Segment Start: RECORDS PROVIDED

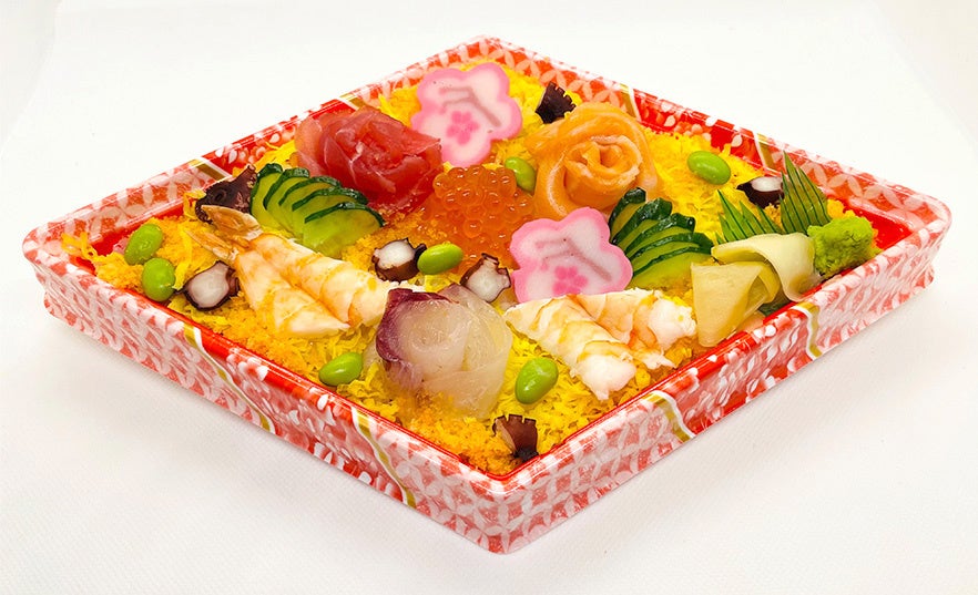 ひな祭りの縁起物、ちらし寿司。彩りよくいくら、サーモン、甘エビ、マグロがたっぷり、おいしさ満点。
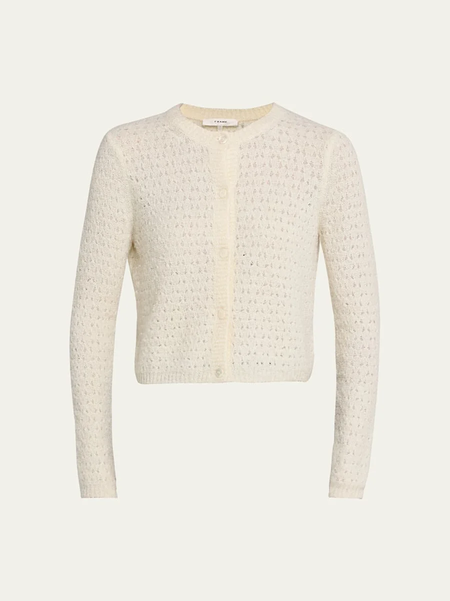 FRAME Chenille cardigan with an openknit effect Crew neckline Long sleeves Classic fit Hem sits at the hip Buttonfront Wool Dry clean Imported
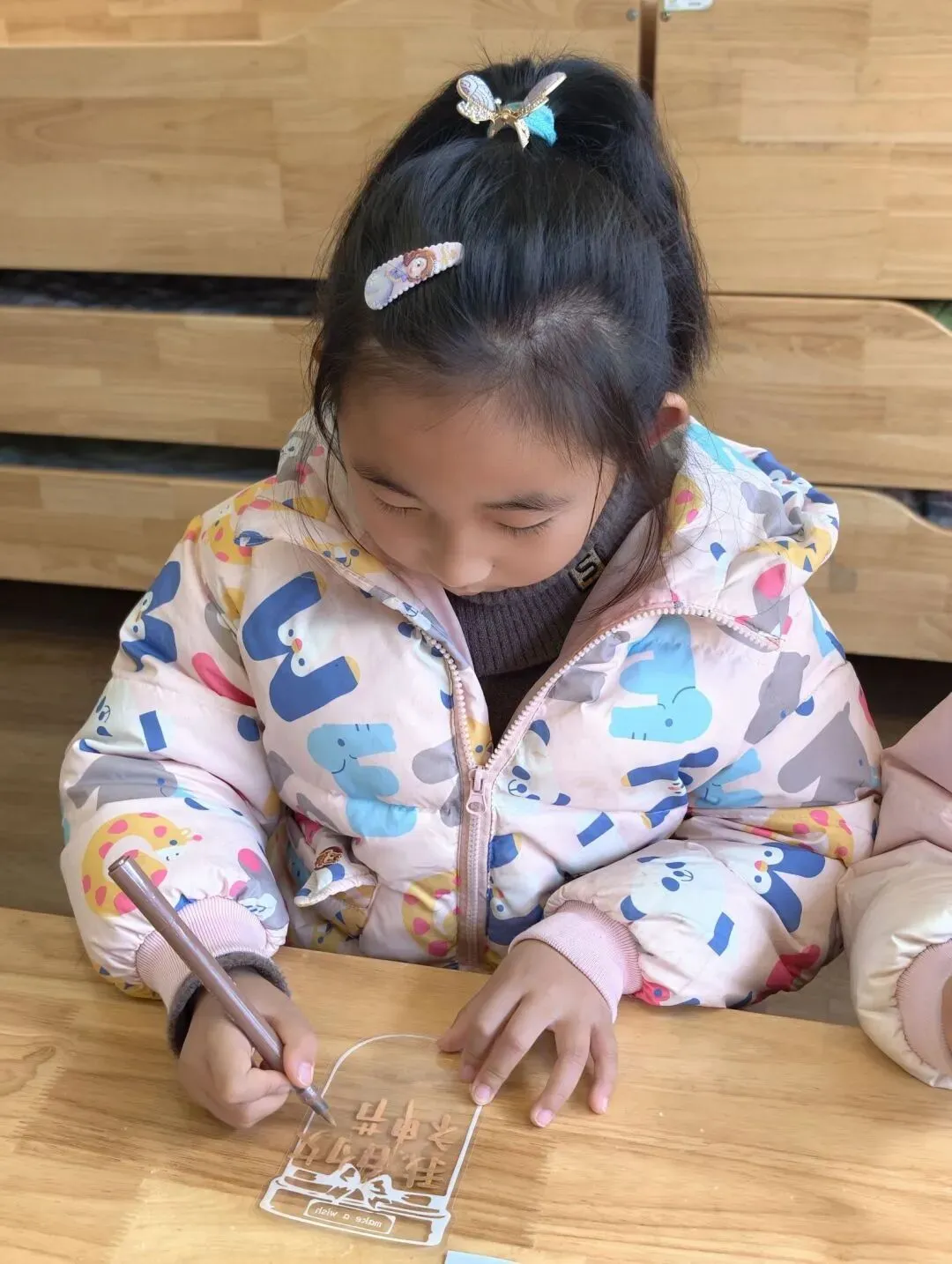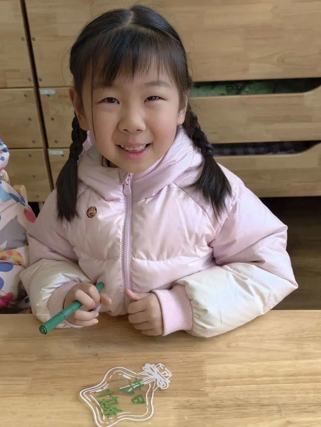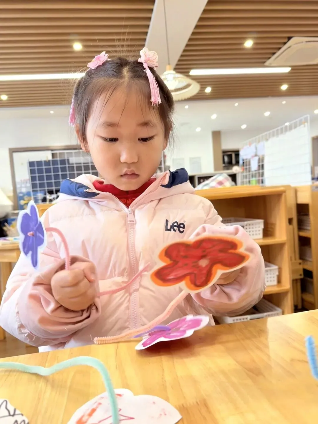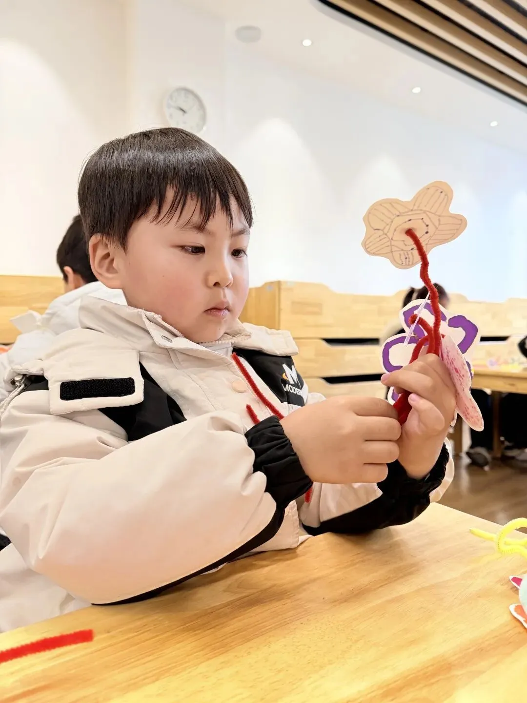 大三班小朋友们用自己稚嫩的双手将彩色黏土揉捏成朵朵小花,小心翼翼地粘贴在半透明卡片上。这份特别的礼物,承载着孩子们最纯粹的爱与祝福,献给妈妈、外婆、奶奶们,祝愿她们如春花般灿烂,如春光般温暖。
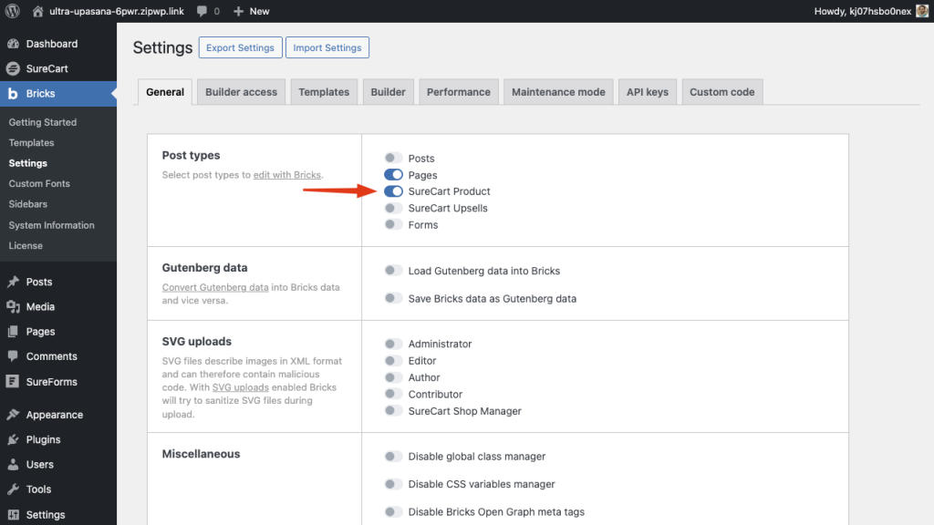 - First, you need to enable the SureCart Product Post Type in Bricks. To do this, go to Bircks > Settings and under Post Types, enable SureCart Product and Save Settings.
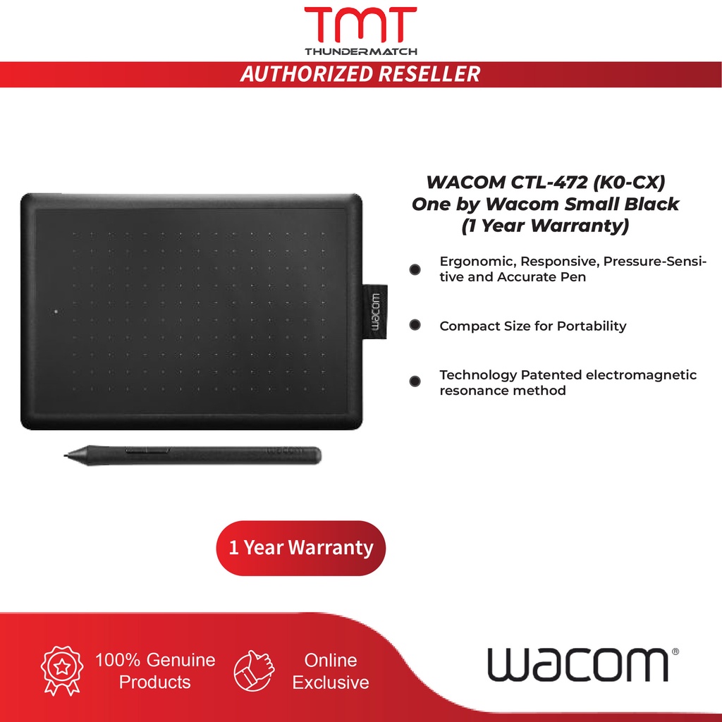 Wacom CTL-472 (K0-CX) / CTL-672 (K0-CX) One by Wacom Small/Medium Black (1 Year Warranty)
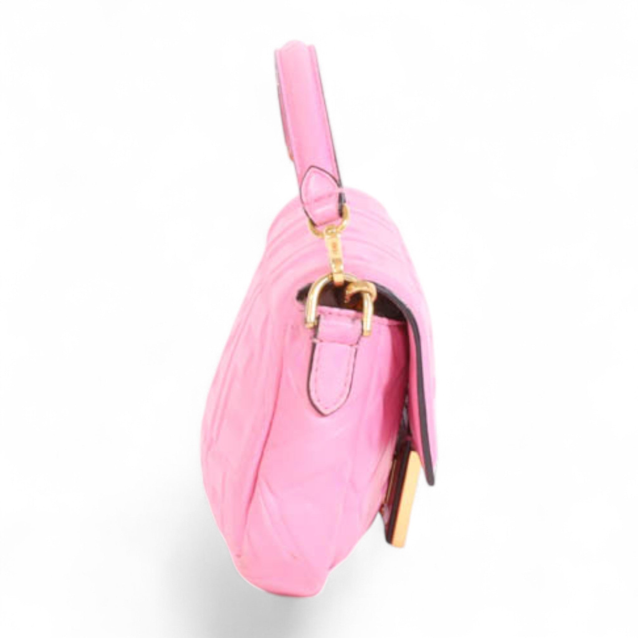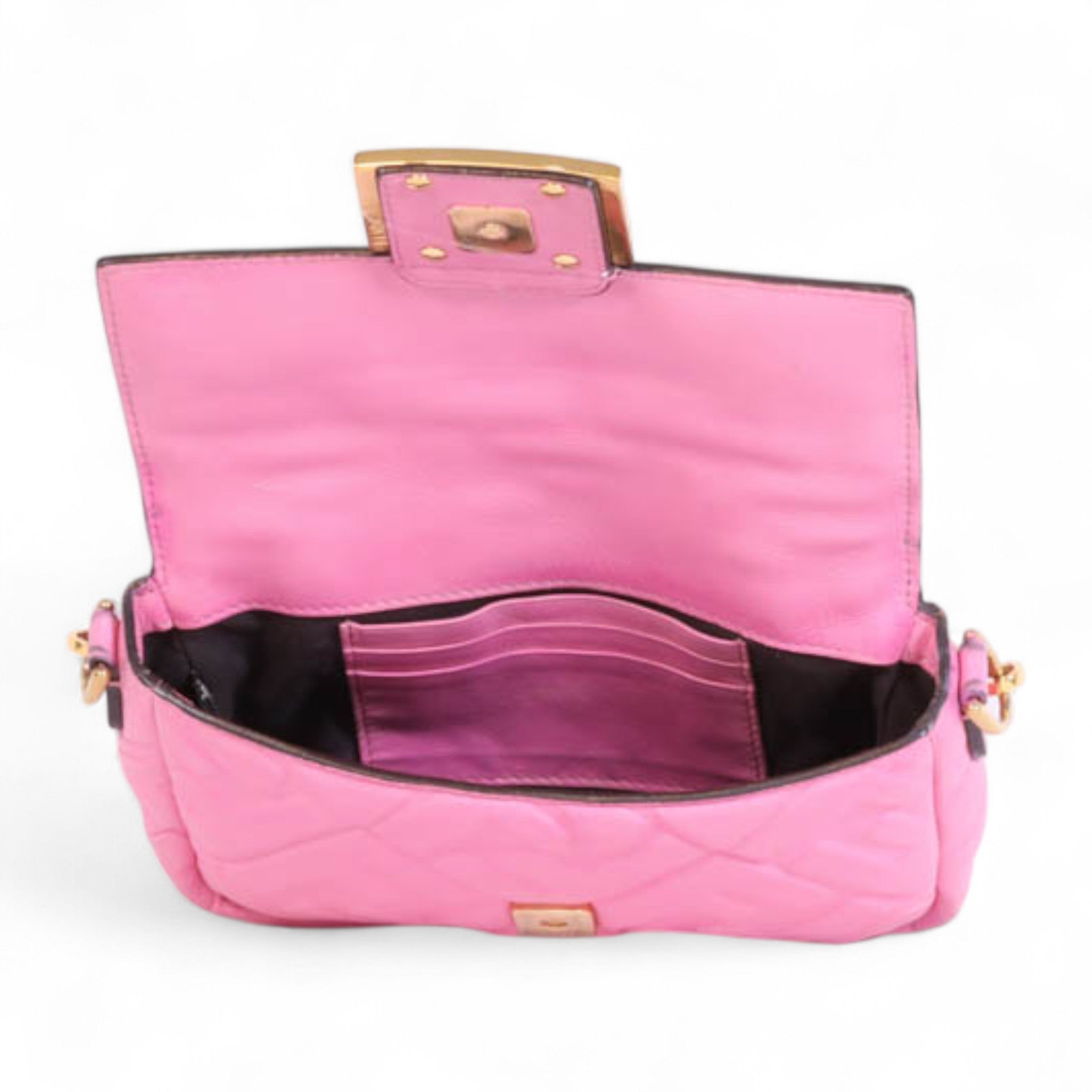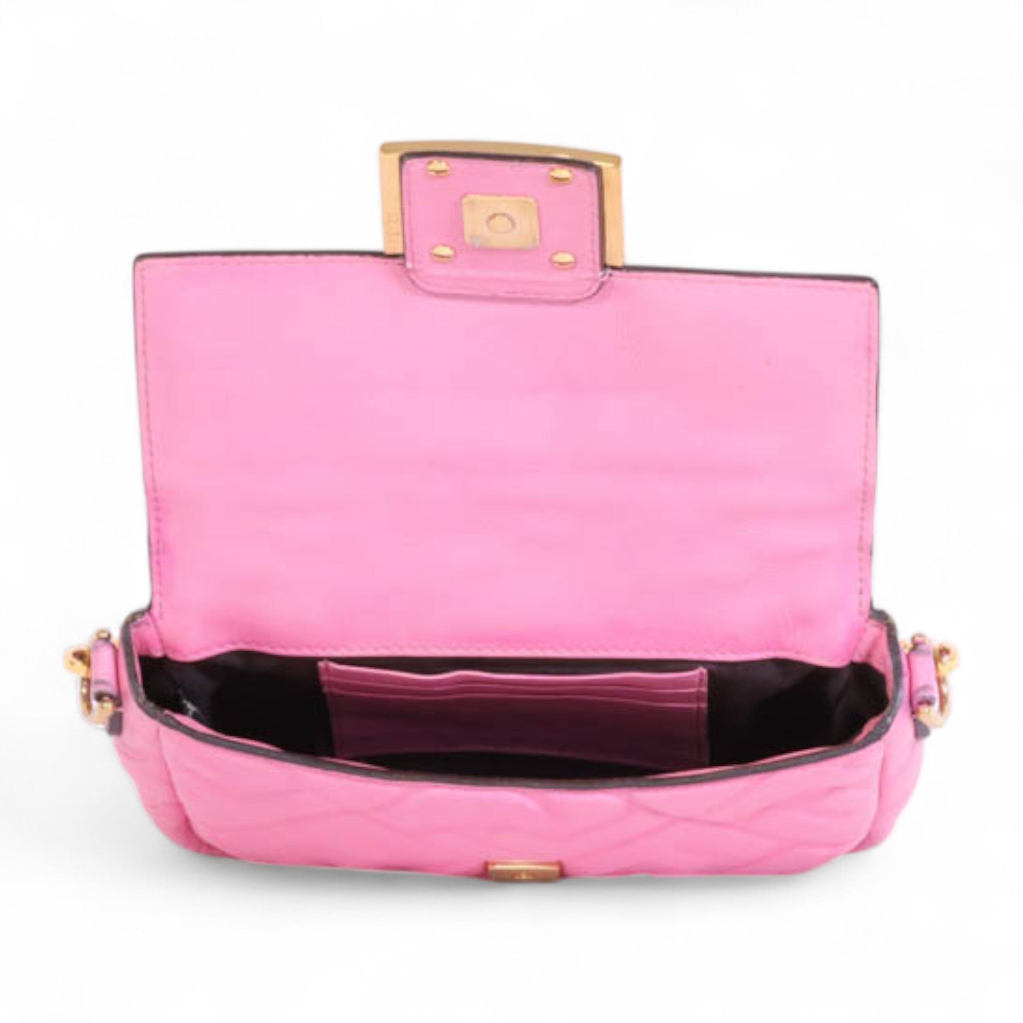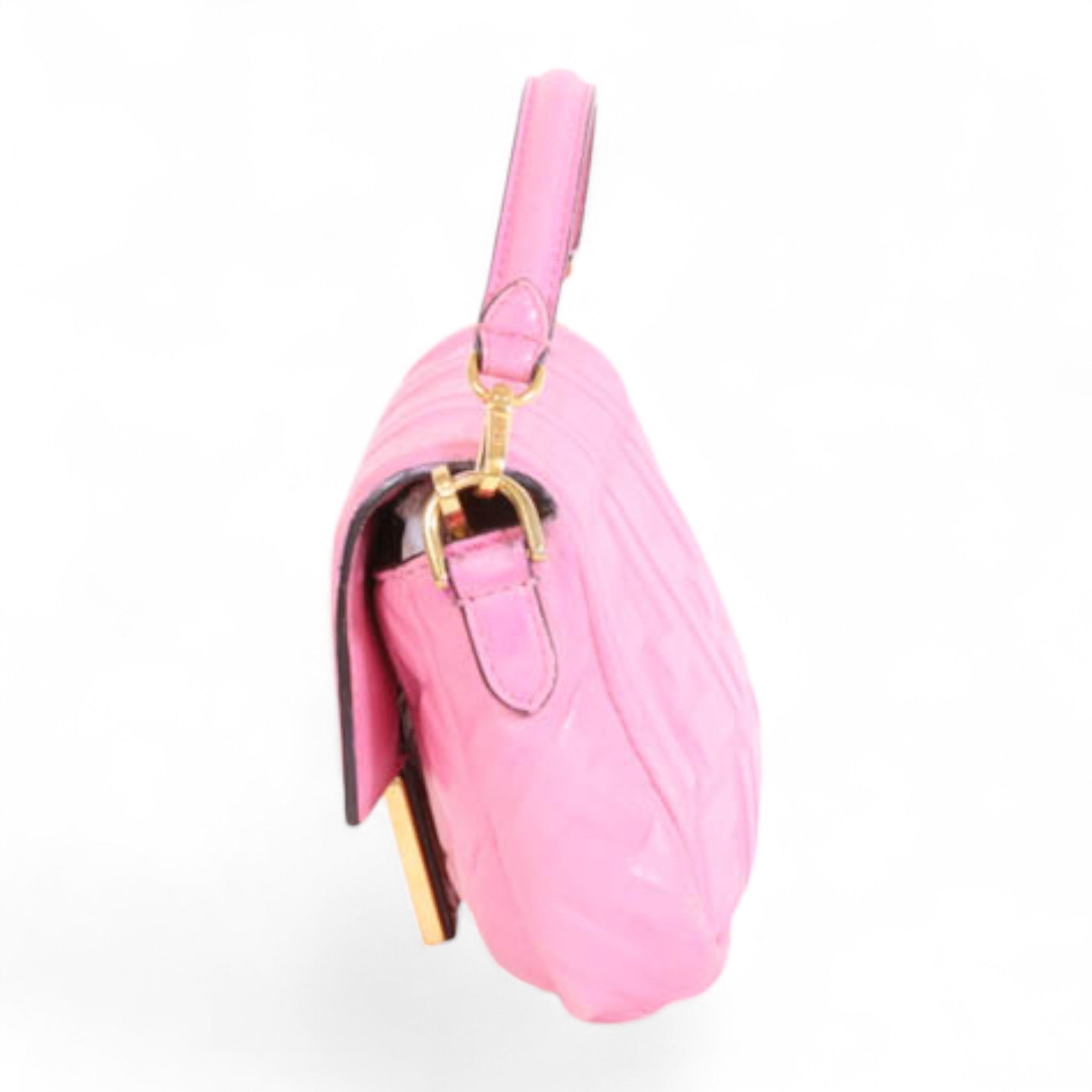 Introducing the Fendi Baguette Bag in a chic, vibrant pink. This iconic handbag exudes elegance and style, perfect for adding a playful touch to any ensemble. Crafted from premium quality materials, it features Fendi's signature embroidered logo pattern and a gold-toned emblematic clasp. Compact yet spacious enough to hold your essentials, it’s perfect for both day and night outings. Complete with a comfortable shoulder strap, this bag promises both fashion and functionality. Elevate your accessory game with this timeless piece from Fendi.

Segment End: RECORDS PROVIDED

WORK INSTRUCTION
The answer must consist only of the lines from the beginning of the entries above through the line that holds "FRAME Chenille cardigan", reproduced exactly and without pictures.

PROBLEM SOLUTION
 ひな祭りの縁起物、ちらし寿司。彩りよくいくら、サーモン、甘エビ、マグロがたっぷり、おいしさ満点。
 FRAME Chenille cardigan with an openknit effect Crew neckline Long sleeves Classic fit Hem sits at the hip Buttonfront Wool Dry clean Imported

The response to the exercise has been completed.